The Minister said the government was reviving the poultry industry through the rehabilitation of 300 outgrower poultry farms across the country over the next 12 months. Each of these farms can be scaled to produce 200,000 birds within each poultry cycle of 4 months.
Similarly, he said for rice, his ministry was rolling out specific interventions to increase local production and reduce import levels and the national target, he indicated, was to attain self-sufficiency in 2028 with a total paddy production of 3.31 million MT (equivalent to 1.82 million MT of milled rice).
That, Dr Acheampong said, would require putting 690,059 hectares of land under cultivation and with just 381,663 hectares currently under cultivation,
“We have to put an additional 308,396 hectares into cultivation over the next 5 years. In this regard, and over the next 12 months, we will be investing in the development of 50,000 hectares of land under an agro-economic enclave project.
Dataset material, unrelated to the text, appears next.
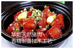 华炬新产品研究所技术咨询委员会科研人员现推荐一项天然猪肉香精制备技术工艺方法,该技术原理:脂肪能提供猪肉香精的特征香气;糖类影响在影响Maillard 反应速度;含硫化合物是提供猪肉特征的重要组成部分主要有维生素B1、半胱氨酸、蛋氨酸、胱氨酸及其盐等;氨基酸混合物可以加大香精的香气并使头香、主体香和尾香更趋于和谐。制备出具有浓郁的猪肉肉香、脂香和烤香的猪肉香精,现将该天然猪肉香精制备技术工艺方法实例介绍如下供研究参考:(311211  311457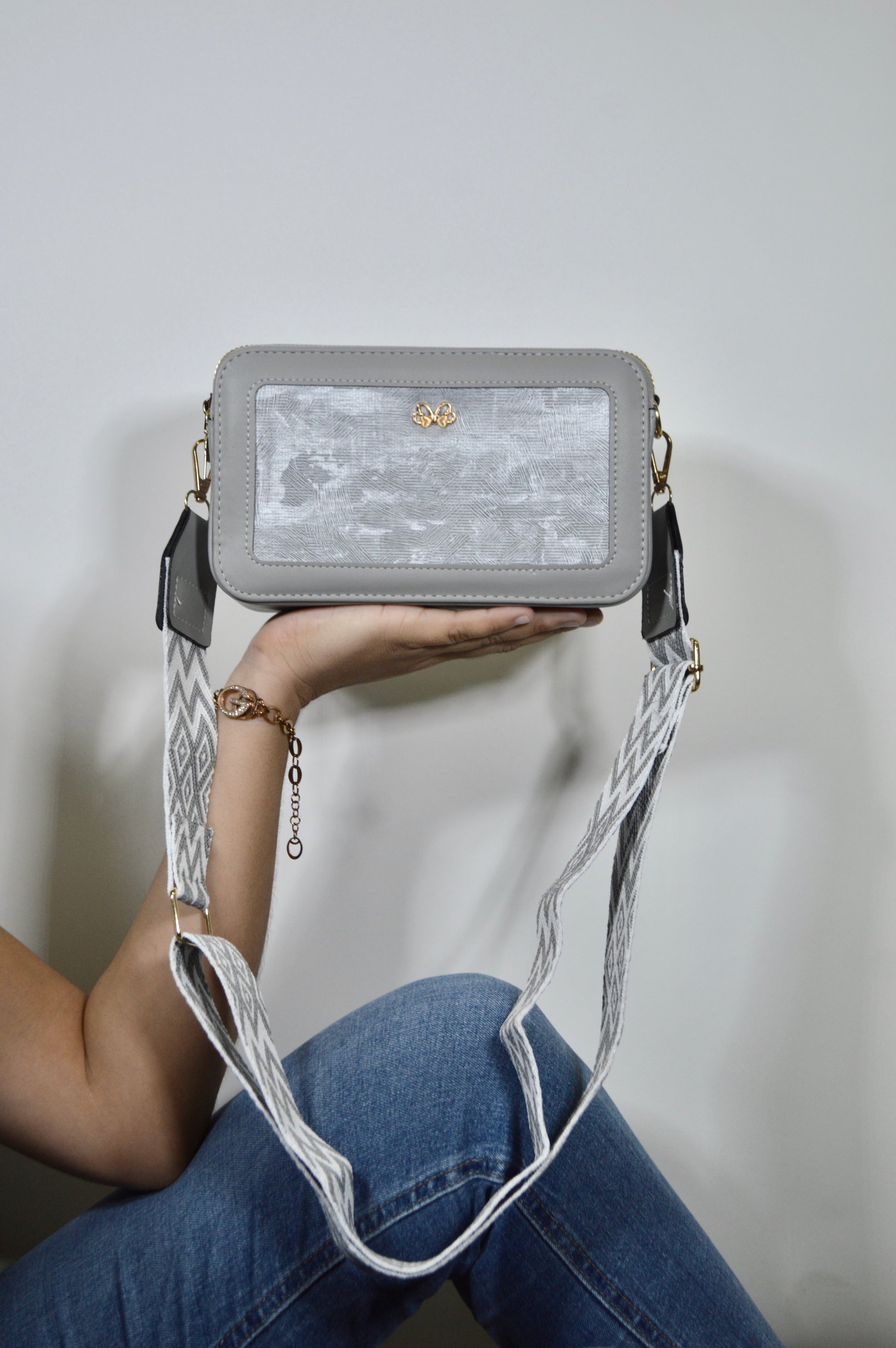Crossbody cuadrado elaborado con material suave y de excelente calidad. En el frente cuenta con un detalle decorativo en terciopelo que le da un acabado elegante y distintivo. Incluye strap para mayor comodidad y un interior espacioso para llevar lo esencial.

“We are also undertaking the rehabilitation and expansion of several irrigation schemes that would see the construction of 50,000 hectares of irrigated land in the inland and lowland valleys, which give the highest yields for rice (average of 6.5 MT per hectare)” the food and agriculture minister disclosed.
On the manpower front, Dr Acheampong said the ministry would engage 70,000 young people to go into rice farming out of the 200,000 people the YEA intends to employ under their Youth in Agriculture module.
All these specific interventions, the agriculture minister said will result in increased production levels from the current 684,761 MT to 907,790 MT in 2024 and push our self-sufficiency level from 47.5% to 59.4%.
“Sustaining these interventions will ramp up subsequent years’ production levels to reach 1,823,577 MT by 2028 with self-sufficiency of 106%, with attendant savings in our import bill.
“This is just a summary for you to appreciate the agricultural reconstruction that we have set in motion. Phase 2 of the PFJ will be the single biggest agricultural revolution in this country, and we believe that Ghana will achieve food security” Dr Acheampong indicated.
“Our mission here today is to invite financial institutions into this national development conversation. We need to establish a nexus for greater collaboration in pursuit of our collective objective of transforming Ghana’s agriculture,” he further remarked.